Task to carry out: Copy exactly, and only, the lines from the line containing "Взбить 4 яйца" through the last line of the records below, both included, and leave out any pictures.

[Dataset entries]
'''

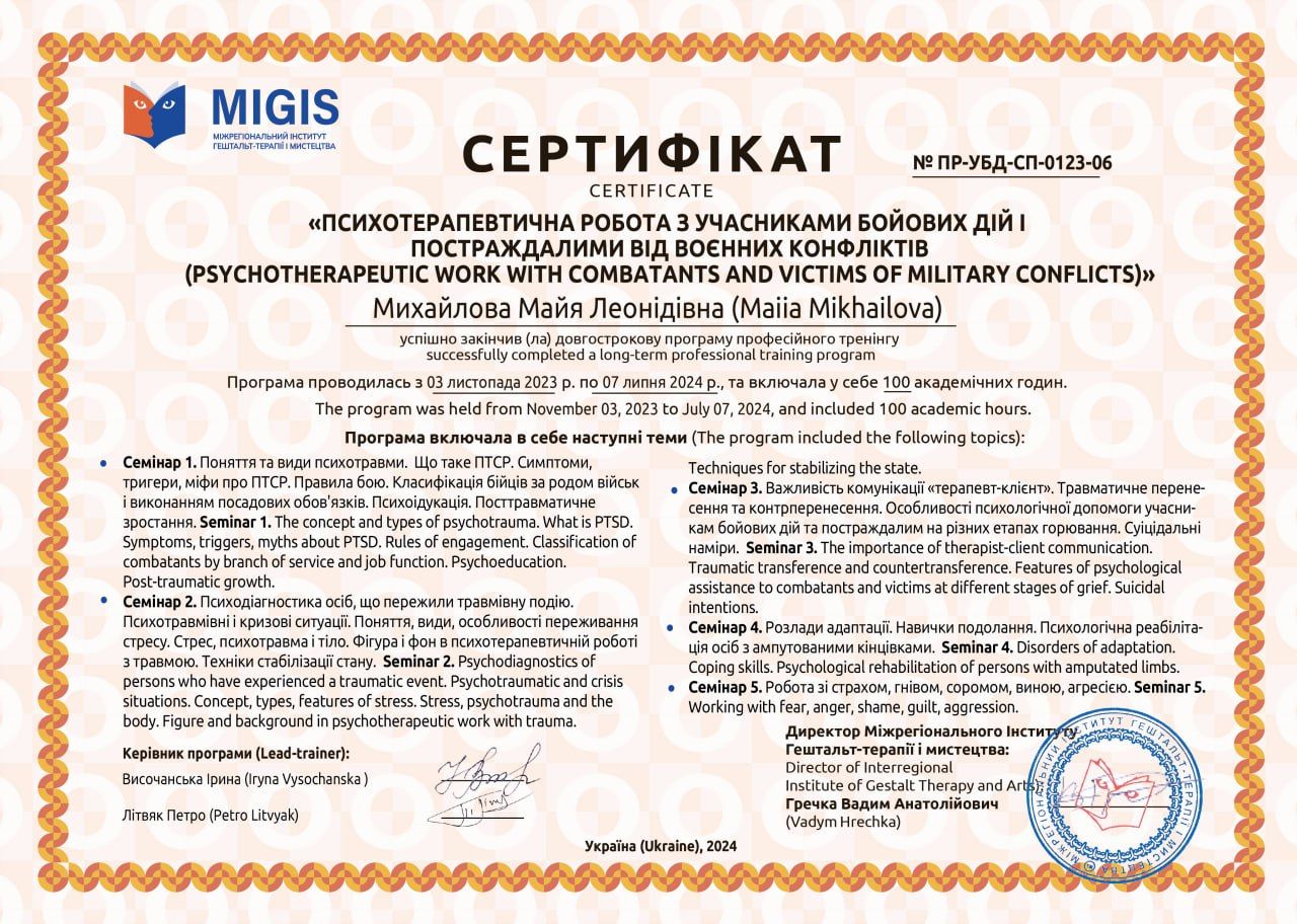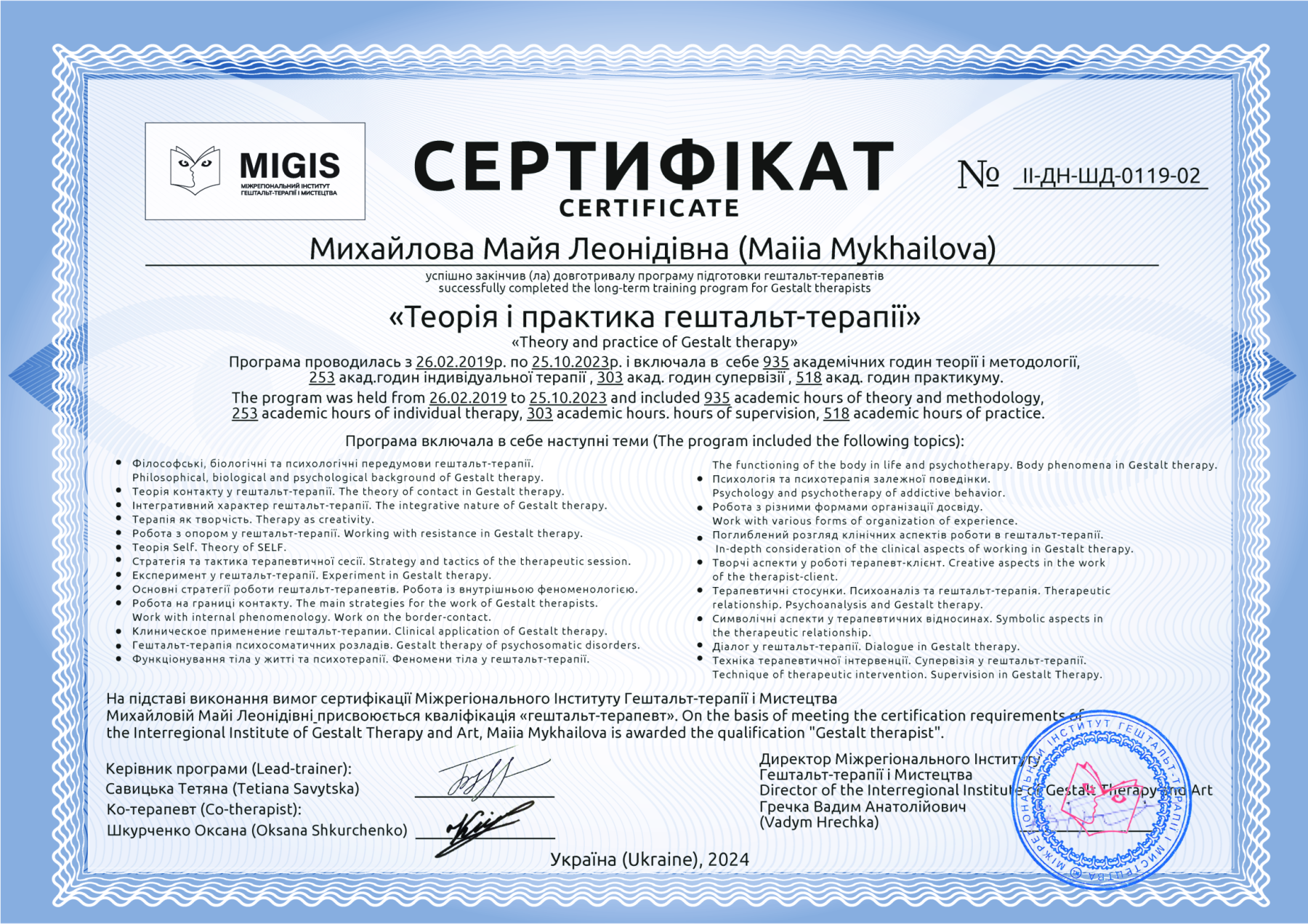 Psychologist | Certified Gestalt Therapist | Trainee Supervisor | Group Therapist | Accredited Assistant of MIGIS | Specialized in working with children and parents in a Gestalt approach | Specializes in psychotherapeutic work with combatants and victims of military conflicts, work with PTSD
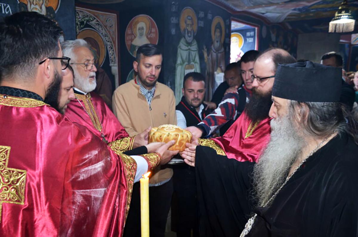 Сабранима је прије причешћивања вјерних бесједио о. Роман. Он је казао да је Преподобни Исаија био претеча Светог Василија Острошког који се подвизавао у острошкој греди и острошкој пустињи.
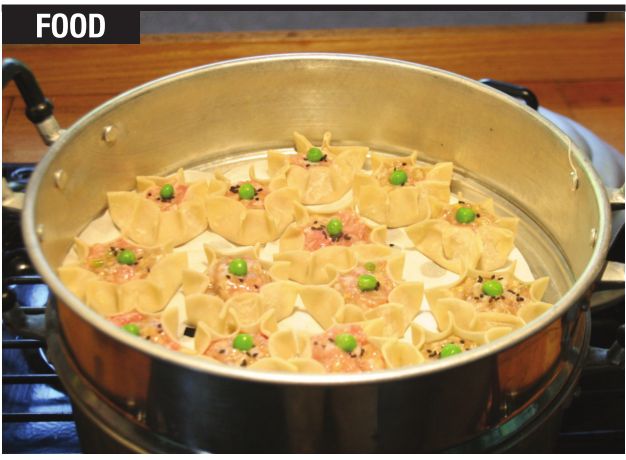 little cup. The open-top dumplings are then steamed.
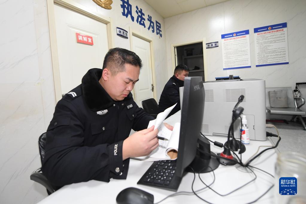 河北唐縣公安局中天警務站民警在除夕值夜班(1月21日攝)。
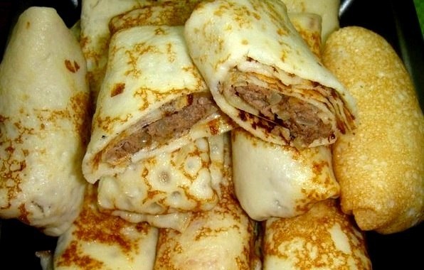 Взбить 4 яйца с сахаром, солью и 400 мл тёплого молока. Добавить муку. Тщательно перемешать, добавить растительное масло и влить остальное молоко. Выпекать на сухой блинной сковородке. Начинка: Говядину отварить со специями (лаврушка и чёрный перец), пропустить через мясорубку, перемешать с обжаренным луком. Завернуть в блинчики и подогреть. Готово!
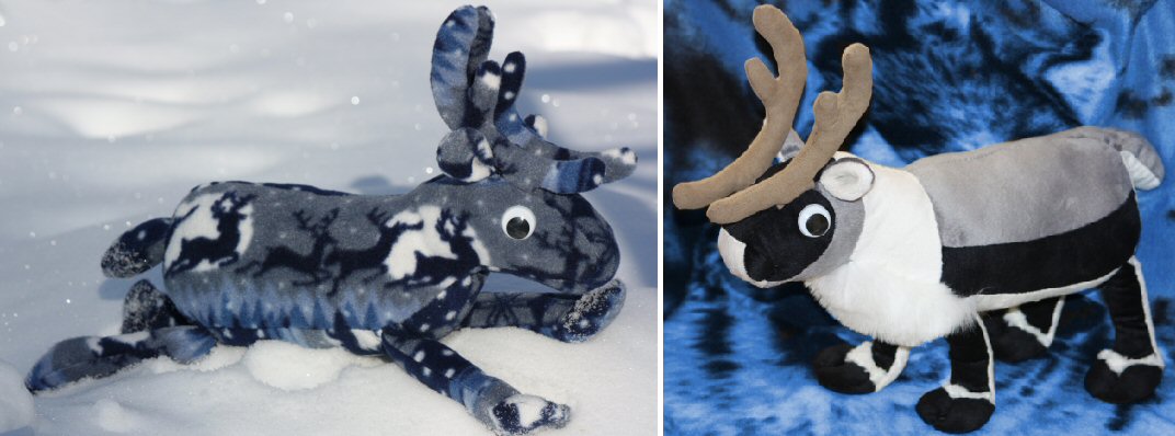 13. Käännä pehmo selkäaukon kautta oikein päin ja täytä se napakasti. Sulje lopuksi selän aukko ompelemalla. Poron sarvet voivat lerpottaa sivuille päin liikaa. Tämä korjaantuu kun ompelet sarvien sisäpuolen tyvet kiinni päälakeen.

'''

Answer to this exercise:
 Взбить 4 яйца с сахаром, солью и 400 мл тёплого молока. Добавить муку. Тщательно перемешать, добавить растительное масло и влить остальное молоко. Выпекать на сухой блинной сковородке. Начинка: Говядину отварить со специями (лаврушка и чёрный перец), пропустить через мясорубку, перемешать с обжаренным луком. Завернуть в блинчики и подогреть. Готово!
 13. Käännä pehmo selkäaukon kautta oikein päin ja täytä se napakasti. Sulje lopuksi selän aukko ompelemalla. Poron sarvet voivat lerpottaa sivuille päin liikaa. Tämä korjaantuu kun ompelet sarvien sisäpuolen tyvet kiinni päälakeen.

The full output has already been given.